Kafka Streams - what is stored in memory and disk in Streams App
Master System Design with Codemia
Enhance your system design skills with over 120 practice problems, detailed solutions, and hands-on exercises.
Apache Kafka Streams is a client library for building applications and microservices where the inputs and outputs are stored in Kafka clusters. It combines the simplicity of writing and deploying standard Java and Scala applications on the client side with the benefits of Kafka's server-side cluster technology.
What is Stored in Memory and Disk in a Kafka Streams Application?
Kafka Streams manages its state using a combination of in-memory data structures and local storage. This management is crucial for ensuring both fast data access and data safety in cases of failures.
1. In-Memory Storage
Kafka Streams utilizes in-memory data structures primarily for caching and for storing the current state of windowed computations. The use of RAM allows for rapid access and manipulation of data, which is ideal for real-time processing requirements.
Example:
- Caching: Kafka Streams might use an in-memory cache for each instance to store recently accessed or computed records temporarily before flushing them to Kafka or to local state stores.
2. Disk Storage
Disk storage in Kafka Streams is predominantly used through state stores backed by change-log topics in Kafka. This set up helps in maintaining a durable state that can survive application restarts or failures.
State stores can be either:
- Persistent State Stores: These stores persist data on the disk. If a Streams application fails or is restarted, the state is restored from these persistent stores.
- Non-Persistent State Stores: These only keep their data in memory and are generally faster but do not survive a failure.

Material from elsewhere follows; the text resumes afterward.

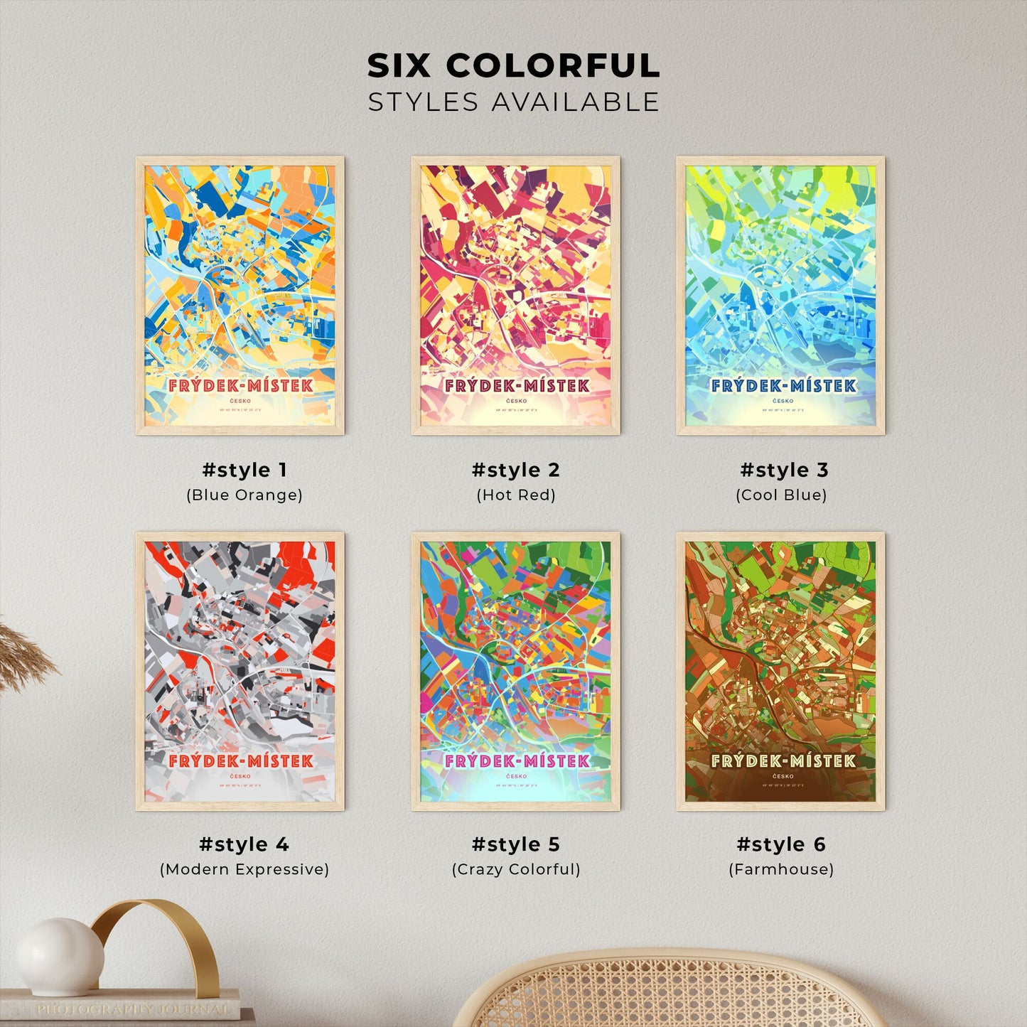Colorful FRÝDEK-MÍSTEK CZECHIA Fine Art Map Poster | Customizable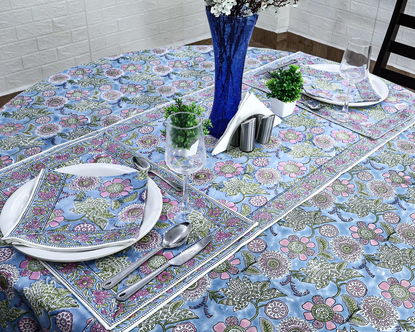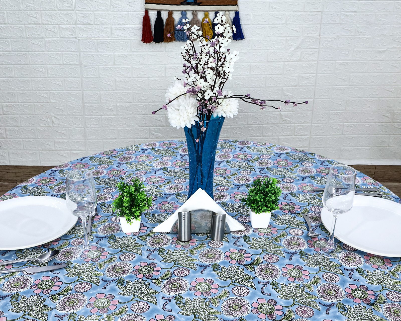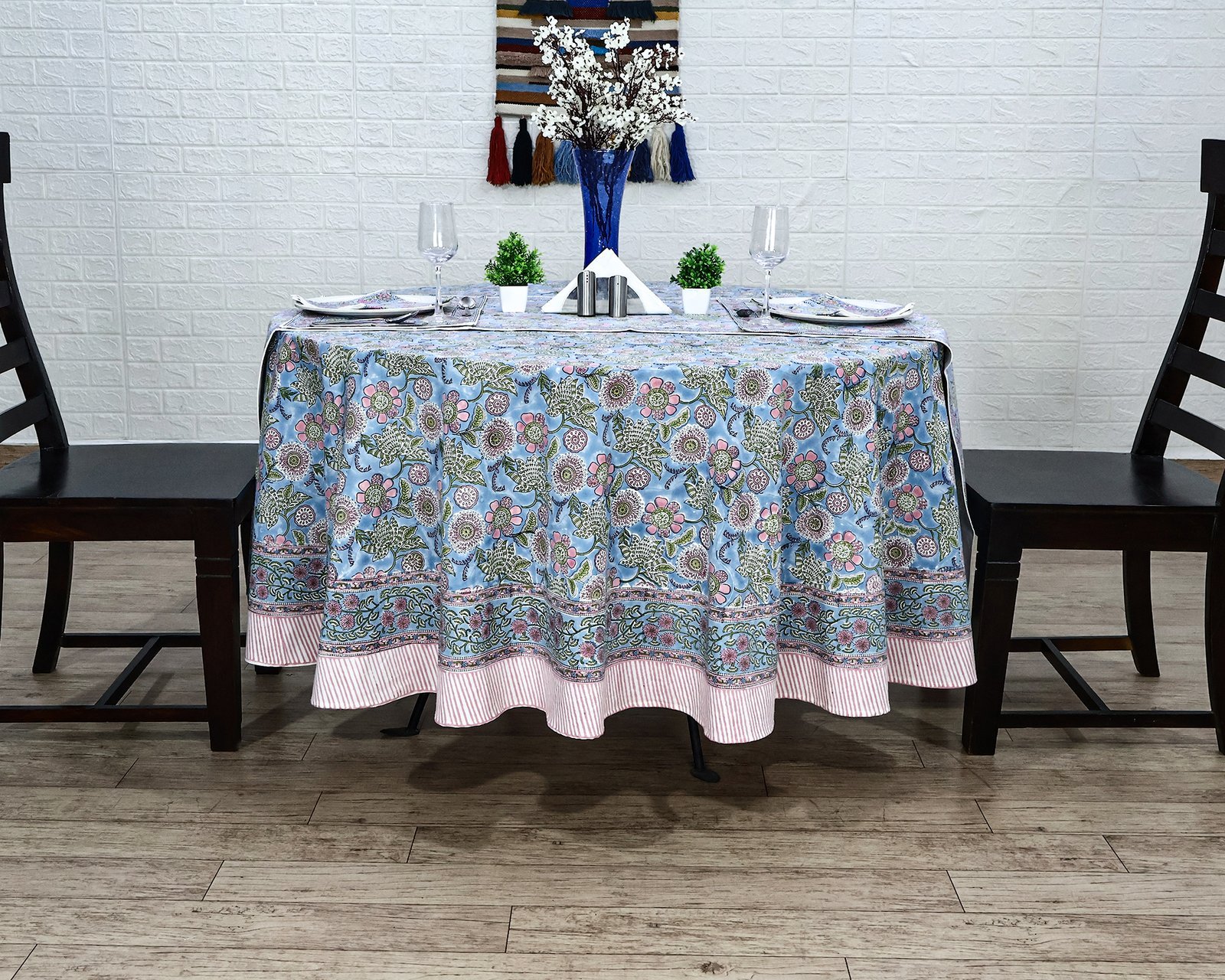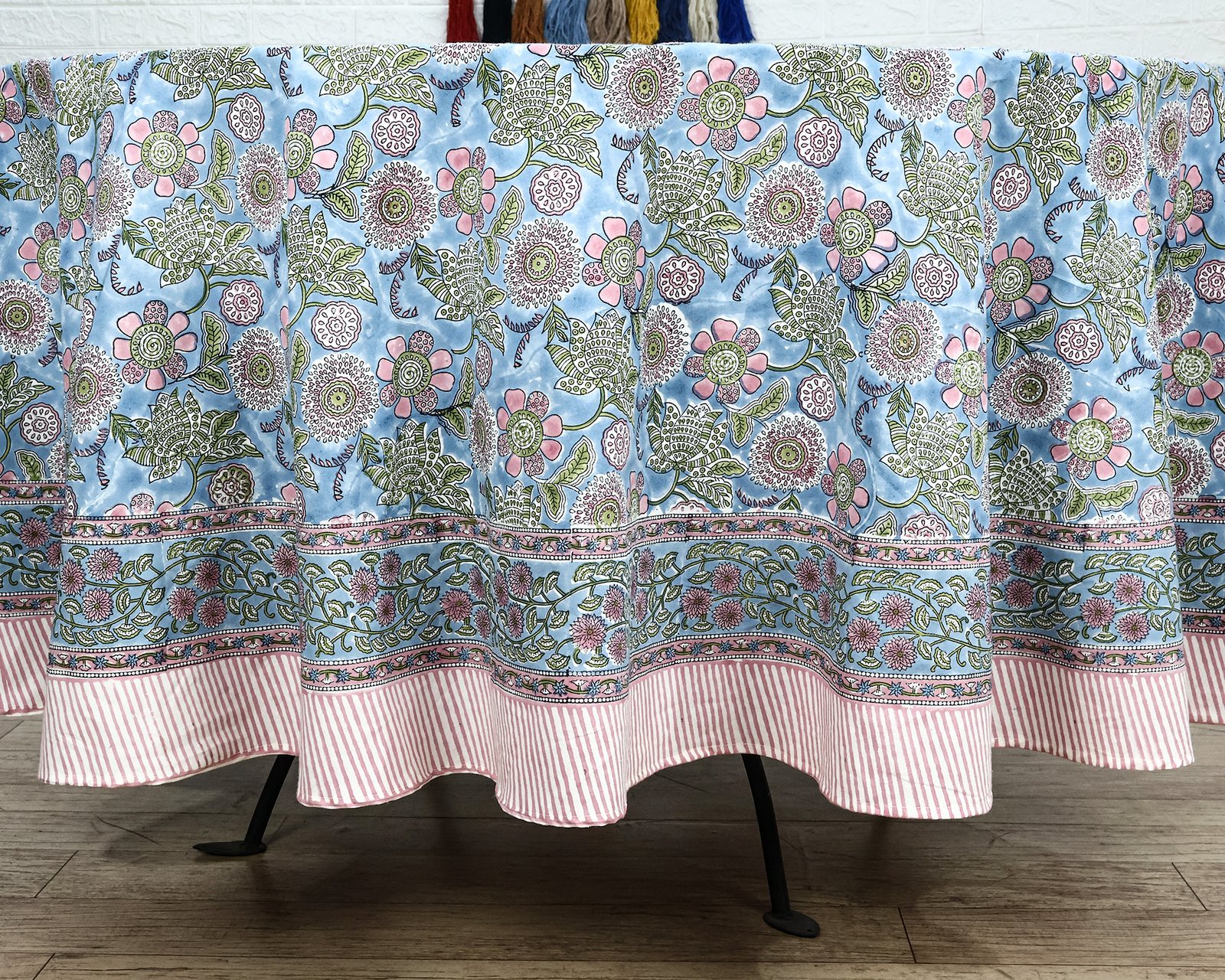 ラウンドクロス 円形クロス テーブルクロス インド綿 コットン エスニック ハンドメイド おしゃれ かわいい ブロックプリント ボタニカル柄 ブルー プリント

Kafka Streams uses RocksDB, a high-performance embedded database for key-value data, as a default persistent state store. It automatically manages the storage and provides efficient access to the state data.
Example:
- Local KV Store: A local RocksDB instance that might be storing aggregated counts per key required for a real-time dashboard.
Operations Involving Memory and Disk
When data is processed, Kafka Streams generally follows these steps:
- Consumes data from the input Kafka topics.
- Processes the data in-memory which may involve stateful operations.
- Updates the state store based on the processing results (either in-memory or persistent storage).
- Produces process results to output Kafka topics, which might involve flushing state store changes to the log-compacted Kafka topics.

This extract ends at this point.